A group of Quakers has been tasked to revise the book of discipline that has guided Quaker witness, community and worship across the centuries. In a bid to include voices, experiences and identities that reflect the full breadth and depth of Quakers in Britain today, the revision committee draws on Quakers across a range of occupations, abilities, ages and gender. Two of the committee are teenagers.

The current book is called Quaker faith & practice. In the stillness of worship, Quakers often read from this anthology of wisdom and witness. They listen and reflect on the experience of Quakers, from the 1600's to recent years. They can read the first-hand accounts of Quakers who were imprisoned for their faith three centuries ago.

Paul Parker, Recording Clerk for Quakers in Britain said: “Once in a generation, Quakers decide to take a long hard look at our faith, what it means to us, and what we can say about it. The bold decision to revise Quaker faith & practice means it's time for us to do that again. It's exciting. We want to hear the insights of younger and more diverse people, and set out how we are a faith fit for the 21st century. I'm looking forward to it."

The revised Quaker faith & practice will aim to speak to younger Quakers and to the wider world. A search group has been working hard since last year and were delighted to receive more than 200 expressions of interest to serve on this group. Meeting for Sufferings, the national representative body for Quakers in Britain, has approved the names of 24 people who make up the revision committee.

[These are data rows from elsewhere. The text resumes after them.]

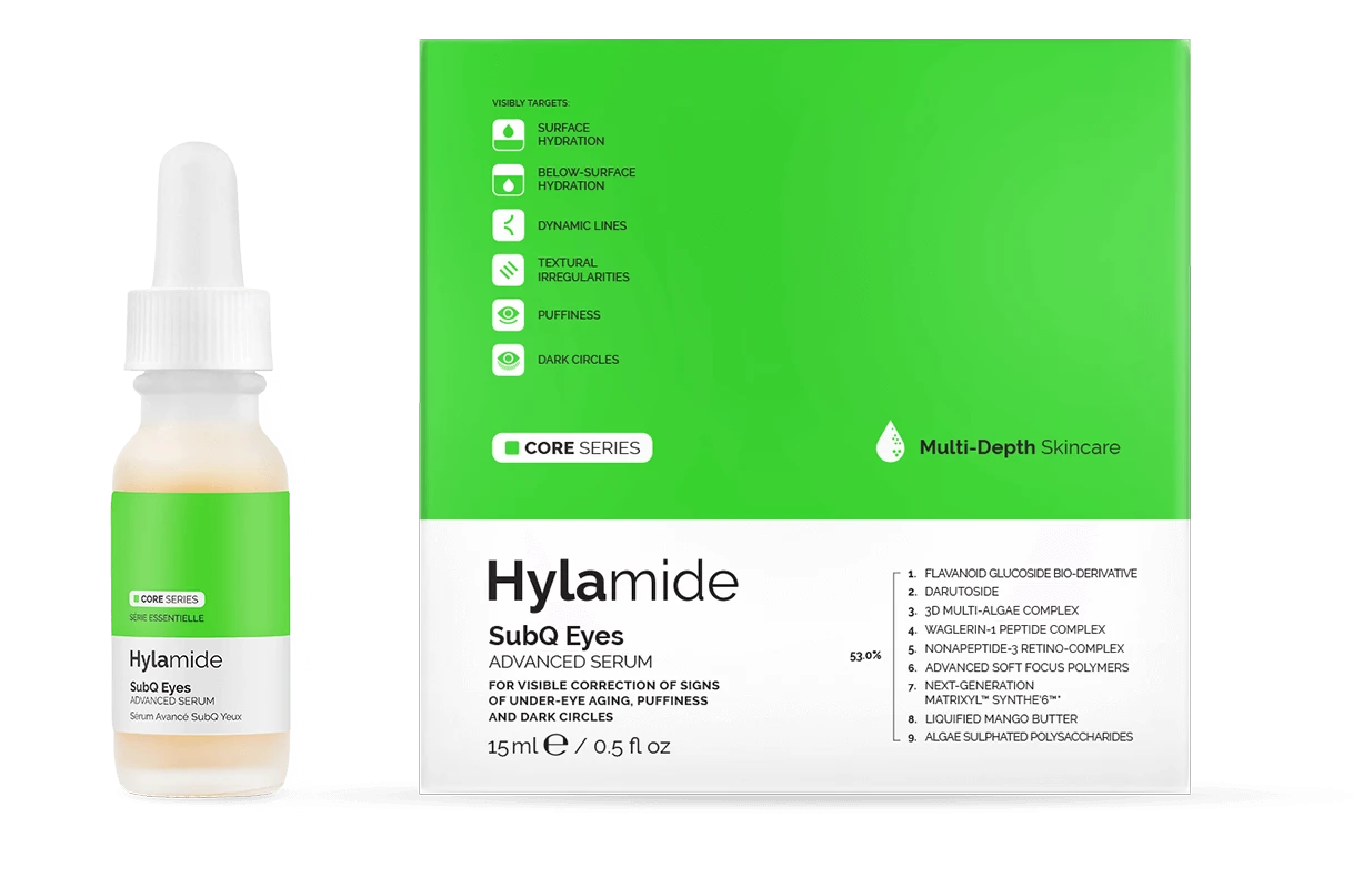 Apply in the eye contour AM and PM avoiding direct eye contact ideally after application of SubQ Anti-Age. Follow with specific Hylamide Boosters as needed.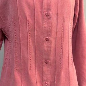 Lemon Grass Fields medium blush pink faux suede long sleeve blouse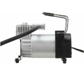 Автомобильный компрессор MTX C-65 58044 производительностью 65 л/мин работает от сети 12 В и предназначен для накачивания шин легковых автомобилей при помощи сжатого воздуха под давлением 10 бар. Также с его помощью можно подкачать резиновый матрац, мяч, лодку и другие предметы, для этого в комплект поставки включены адаптеры с разными наконечниками. Компрессор будет полезен автовладельцам, пригодится в поездке и на отдыхе. Преимущества Возможность подключения к аккумулятору автомобиля — в комплект поставки входит переходник со штекера для прикуривателя на клеммы. Безопасность — токопроводящие элементы надежно изолированы (класс защиты II) плавкий предохранитель на проводе питания при превышении номинального тока защищает мотор от поломки. Удобный контроль давления — манометр расположен на шланге.|Защита от превышения давления — спускной клапан-дефлятор на конце шланга позволяет сбрасывать излишки воздуха, контролируя это по манометру.|Свободное передвижение без перестановки компрессора — длина шланга составл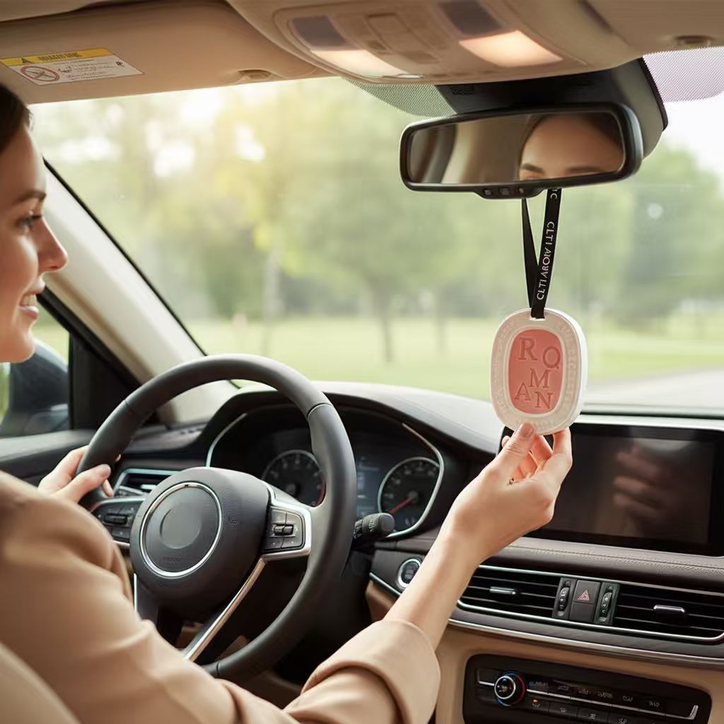 このアロマディフューザーは、美しく雰囲気のあるディフューザーです。洗練された文字が入ったシンプルな楕円形のデザインと、黒いブランドロゴの吊り下げコードが、様々な吊り下げシーンにマッチします。エッセンシャルオイルの小瓶が付属しており、数滴垂らすと爽やかな香り(写真のような繊細なフローラルの香り)が広がります。香りを閉じ込めるだけでなく、心地よい空間を演出します。クローゼットの衣類の消臭、車内の香り付け、友人へのちょっとした贈り物など、実用性と高級感を兼ね備えたこのディフューザーは、生活に心地よい空間を演出する頼もしいパートナーとなるでしょう。

The decision to revise was taken last summer when more than one thousand Quakers met in Friends House for Yearly Meeting and said, “We look forward with anticipation …to the process of revision, accepting that we may expect to be changed, both personally and as a church. We should be ready to feel vulnerable, wounded, renewed or transformed as we engage with issues about our faith, and how we practise it together, with open hearts."

Regular revision and being open to new truths is part of who Quakers are as a religious society. Quakers compiled the first of these books of discipline in 1738. Since then, each new generation of Quakers has revised the book. The last revision took around ten years to complete and was published in 1995.

*  Quakers are known formally as the Religious Society of Friends. Around 23,000 people attend 478 Quaker meetings in Britain. Their commitment to equality, justice, peace, simplicity and truth challenges them to seek positive social and legislative change.